• Task details: In your copy, include no images and return each entry exactly as written.

┄┄┄┄┄┄┄┄┄┄┄┄┄┄┄┄┄┄┄┄

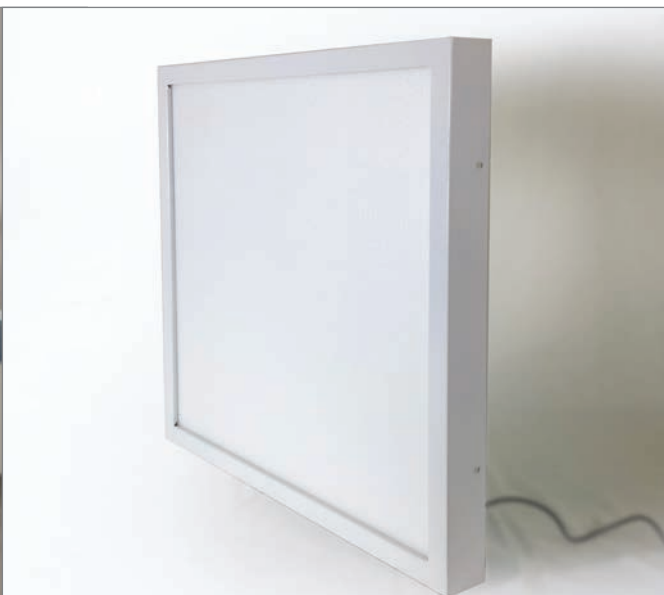
Aufbaurahmen (Aufbaumaß 58mm)
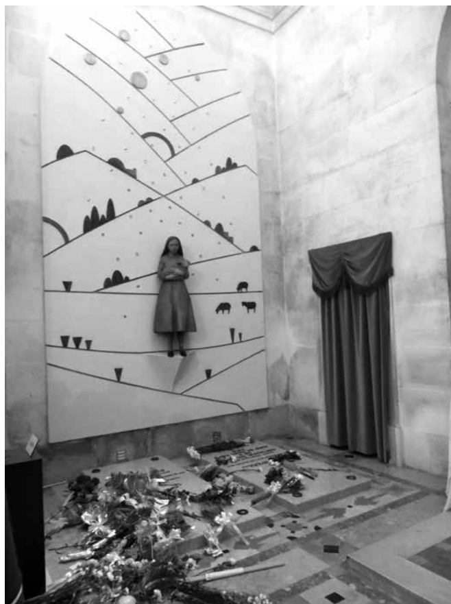
Hroby Hyacinty a Lucie

oltára je pochovaný František a vľavo Hyacinta a Lucia. Ich náhrobné kamene sú sústavne zahádzané živými kvetinkami. Umelecké stvárnenia detských postavičiek silno zapôsobia.
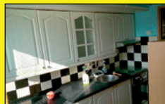
3i - Šišov, plastové okná, nová kuchynská linka, plávajúce podlahy, dve pivnice, 57,8 m 2 , € 33.500, tel. 0904024073
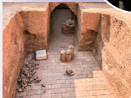
◀这是北周宇文觉墓的墓室(资料照片)。

新华社西安9月19日电(记者杨一苗)记者19日从陕西省考古研究院了解到,考古工作者在陕西省咸阳市发现了北周开国皇帝宇文觉墓,出土陶俑等随葬遗物146件(组)。
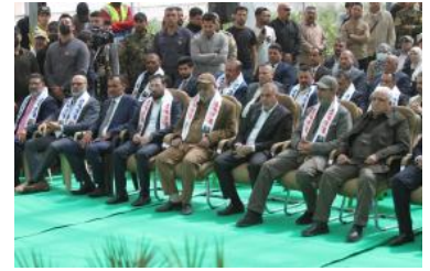
كيفية استخدام مقالات سلسلة "الأضواء الكاشفة للمليشيات": اللمحات العامة

(ar/policy-analysis/kyfyt-astkhdam-mqalat-slslt-aladwa-alkashft-ilmlyshyat-allmhat-alamt/)
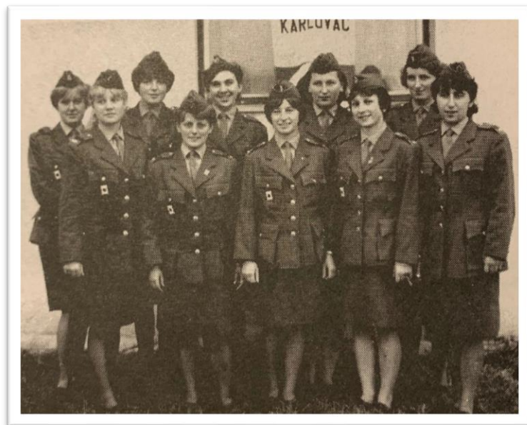
Obrázek 17. Družstvo žen ze Sboru dobrovolných hasičů Borovany, které se účastnilo v roce 1966 mezinárodní soutěže v jugoslávském Karlovaci. Ženy zde vybojovali druhé místo v konkurenci osmdesáti sedmi mužských týmů.

Jelikož byly na příslušníky často kladeny velké fyzické i psychické nároky, začínala se objevovat všestranná příprava hasičských sborů. V 50. letech minulého století se tak začal rozvíjet i hasičský sport. Vznikaly nové disciplíny, které vycházely z prvků hasičského nácviku, a závodilo se především na čas. Sport se začal velmi rozvíjet a hasičské ústředí začalo vydávat první propozice, které byly postupem času upřesňovány až do dnešní podoby. Soutěže probíhaly v rámci okresů, krajů a následně v rámci celé republiky. 80
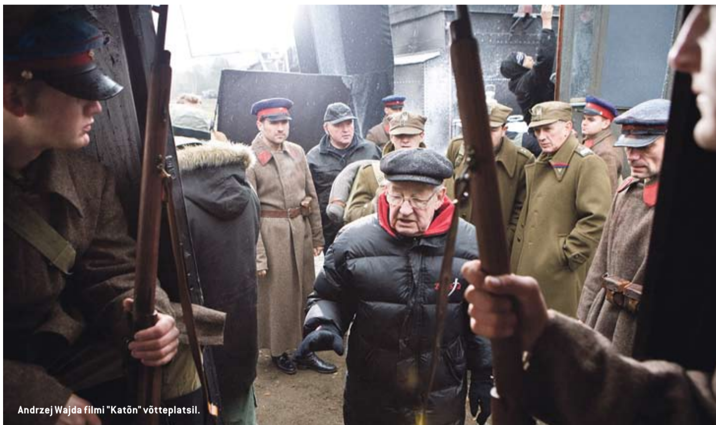
Andrzej Wajda filmi "Katõn" võtteplatsil.

Kuid mida meie tahtsime? Me tahtsime ainult seda vabaduse ja tennsuuri vahelist piiri natuke nihutada, et saaksime teha niisuguseid filme nagu "Tuhk ja teemant". Tookord ei mõelnud me sellele, et kunagi elame ajani, mil Nõukogude Liit kokku variseb ja Poola jälle vabaks saab. Arvasime, et kõik, mida teha saab, ongi vaid nende piiride edasi nihutamine, et partei ise ei juhiks, vaid lubaks enda kõrval kõlada ka mingil osal selle ühiskonna häältest, mille üle ta valitseb. Kui tahetakse osaleda sellise ühiskonna elus, mis ei ole meie jaoks soovitud tegelikult ega loodud meile tahte järgi, vaid võõra võimu poolt ajaloolise
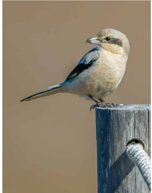
156 Daurian Shrike / Daurische Klauwier Lanius isabellinus , Tamri estuary, Morocco, 2 January 2019 157 Steppe Grey Shrike / Steppeklapekster Lanius lahtora pallidirostris , first-winter, Tancada marshes, Tarragona, Spain, 12 February 2019 158 Bar-tailed Lark / Rosse Woestijnleeuwerik Ammomanes cinctura , Puerto del Carmen, Lanzarote, Canary Islands, 18 February 2019
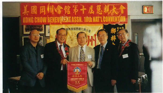
美國岡州會館向本會團員致送紀念錦旗

會議結束後，我團分別拜會了鶴山公所，崇山會館及崇正會館。所到之處，處處充滿歡欣雀躍、愛國愛鄉、熱烈歡迎的濃厚氣氛。據知崇山會館是鶴山人士之會館，崇正會館是全國客籍人士之會館。鶴山公所鄰近街道設立了五邑各地同鄉會，宗親會等會所。
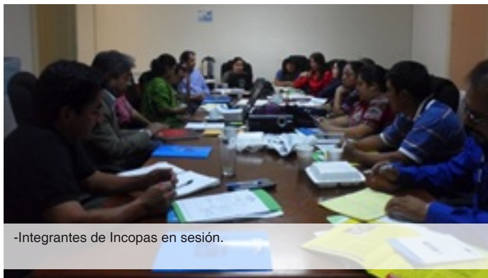
-Integrantes de Incopas en sesión.

Con el objeto de analizar y discutir temas sobre SAN, la Incopas mantiene reuniones entre sus representantes, pues una de sus atribuciones es brindar aportes técnicos al Sistema Nacional de Seguridad Alimentaria y Nutricional. Estructura de Incopas
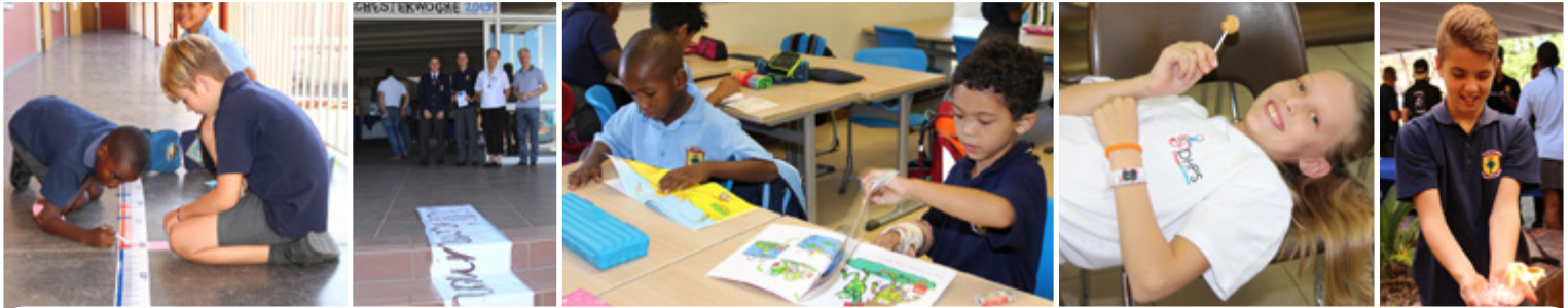
DHPS - Tag der offenen Tür - DHPS Open Day
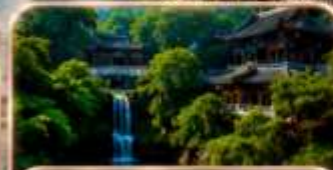
ถนนโบราณเจียฟางเป่ย์
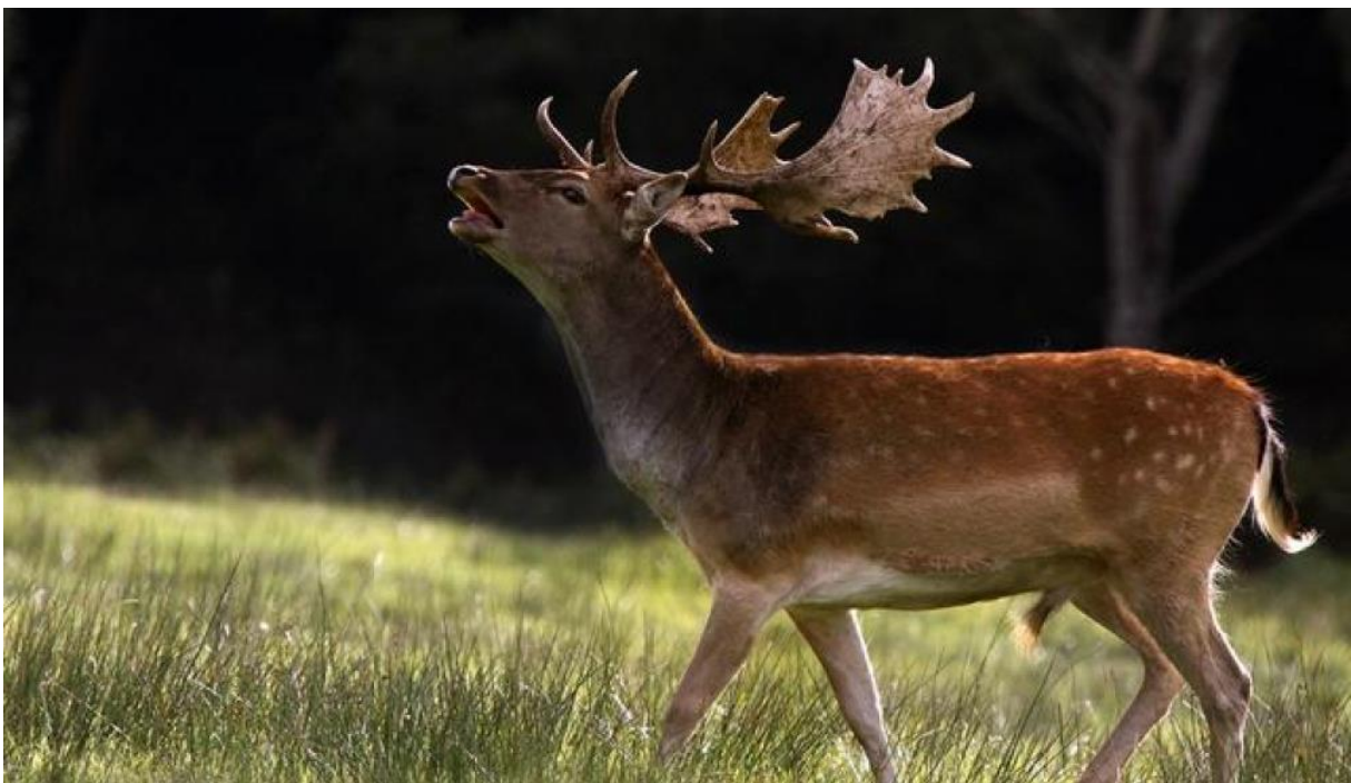
Slika 6. Jelen lopatar u rici

U vrijeme parenja događa se rika. Jeleni riku predvečer, ujutro i noću, ponekad i danju. Rikom prizivaju ženke na parenje, ali i mužjake iste jačine u borbu. Ukoliko dođe do borbe može doći do pucanja rogovlja slabijem jelenu, do sapletanja rogovlja oba jelena, dok su neke teže ozljede rjeđe. Ukoliko se jelenima sapletu rogovi, a čovjek ne intervenira, oni ostaju tako sapleteni i ugibaju. Jeleni isto tako za vrijeme parenja ne uzimaju dovoljnu količinu hrane pa zbog velikog napora znatno gube na tjelesnoj masi. Kod kasnog završetka sezone parenje, mužjaci se ne uspiju pripremiti za zimu te ugibaju, što je jedan od glavnih razloga zašto jeleni lopatari teško preživljavaju u planinskim lovištima (slika 6.).

┄┄┄┄┄┄┄┄┄┄┄┄┄┄┄┄┄┄┄┄

• Exercise output:
Aufbaurahmen (Aufbaumaß 58mm)
Hroby Hyacinty a Lucie

oltára je pochovaný František a vľavo Hyacinta a Lucia. Ich náhrobné kamene sú sústavne zahádzané živými kvetinkami. Umelecké stvárnenia detských postavičiek silno zapôsobia.
3i - Šišov, plastové okná, nová kuchynská linka, plávajúce podlahy, dve pivnice, 57,8 m 2 , € 33.500, tel. 0904024073
◀这是北周宇文觉墓的墓室(资料照片)。

新华社西安9月19日电(记者杨一苗)记者19日从陕西省考古研究院了解到,考古工作者在陕西省咸阳市发现了北周开国皇帝宇文觉墓,出土陶俑等随葬遗物146件(组)。
كيفية استخدام مقالات سلسلة "الأضواء الكاشفة للمليشيات": اللمحات العامة

(ar/policy-analysis/kyfyt-astkhdam-mqalat-slslt-aladwa-alkashft-ilmlyshyat-allmhat-alamt/)
Obrázek 17. Družstvo žen ze Sboru dobrovolných hasičů Borovany, které se účastnilo v roce 1966 mezinárodní soutěže v jugoslávském Karlovaci. Ženy zde vybojovali druhé místo v konkurenci osmdesáti sedmi mužských týmů.

Jelikož byly na příslušníky často kladeny velké fyzické i psychické nároky, začínala se objevovat všestranná příprava hasičských sborů. V 50. letech minulého století se tak začal rozvíjet i hasičský sport. Vznikaly nové disciplíny, které vycházely z prvků hasičského nácviku, a závodilo se především na čas. Sport se začal velmi rozvíjet a hasičské ústředí začalo vydávat první propozice, které byly postupem času upřesňovány až do dnešní podoby. Soutěže probíhaly v rámci okresů, krajů a následně v rámci celé republiky. 80
Andrzej Wajda filmi "Katõn" võtteplatsil.

Kuid mida meie tahtsime? Me tahtsime ainult seda vabaduse ja tennsuuri vahelist piiri natuke nihutada, et saaksime teha niisuguseid filme nagu "Tuhk ja teemant". Tookord ei mõelnud me sellele, et kunagi elame ajani, mil Nõukogude Liit kokku variseb ja Poola jälle vabaks saab. Arvasime, et kõik, mida teha saab, ongi vaid nende piiride edasi nihutamine, et partei ise ei juhiks, vaid lubaks enda kõrval kõlada ka mingil osal selle ühiskonna häältest, mille üle ta valitseb. Kui tahetakse osaleda sellise ühiskonna elus, mis ei ole meie jaoks soovitud tegelikult ega loodud meile tahte järgi, vaid võõra võimu poolt ajaloolise
156 Daurian Shrike / Daurische Klauwier Lanius isabellinus , Tamri estuary, Morocco, 2 January 2019 157 Steppe Grey Shrike / Steppeklapekster Lanius lahtora pallidirostris , first-winter, Tancada marshes, Tarragona, Spain, 12 February 2019 158 Bar-tailed Lark / Rosse Woestijnleeuwerik Ammomanes cinctura , Puerto del Carmen, Lanzarote, Canary Islands, 18 February 2019
美國岡州會館向本會團員致送紀念錦旗

會議結束後，我團分別拜會了鶴山公所，崇山會館及崇正會館。所到之處，處處充滿歡欣雀躍、愛國愛鄉、熱烈歡迎的濃厚氣氛。據知崇山會館是鶴山人士之會館，崇正會館是全國客籍人士之會館。鶴山公所鄰近街道設立了五邑各地同鄉會，宗親會等會所。
-Integrantes de Incopas en sesión.

Con el objeto de analizar y discutir temas sobre SAN, la Incopas mantiene reuniones entre sus representantes, pues una de sus atribuciones es brindar aportes técnicos al Sistema Nacional de Seguridad Alimentaria y Nutricional. Estructura de Incopas
DHPS - Tag der offenen Tür - DHPS Open Day
ถนนโบราณเจียฟางเป่ย์
Slika 6. Jelen lopatar u rici

U vrijeme parenja događa se rika. Jeleni riku predvečer, ujutro i noću, ponekad i danju. Rikom prizivaju ženke na parenje, ali i mužjake iste jačine u borbu. Ukoliko dođe do borbe može doći do pucanja rogovlja slabijem jelenu, do sapletanja rogovlja oba jelena, dok su neke teže ozljede rjeđe. Ukoliko se jelenima sapletu rogovi, a čovjek ne intervenira, oni ostaju tako sapleteni i ugibaju. Jeleni isto tako za vrijeme parenja ne uzimaju dovoljnu količinu hrane pa zbog velikog napora znatno gube na tjelesnoj masi. Kod kasnog završetka sezone parenje, mužjaci se ne uspiju pripremiti za zimu te ugibaju, što je jedan od glavnih razloga zašto jeleni lopatari teško preživljavaju u planinskim lovištima (slika 6.).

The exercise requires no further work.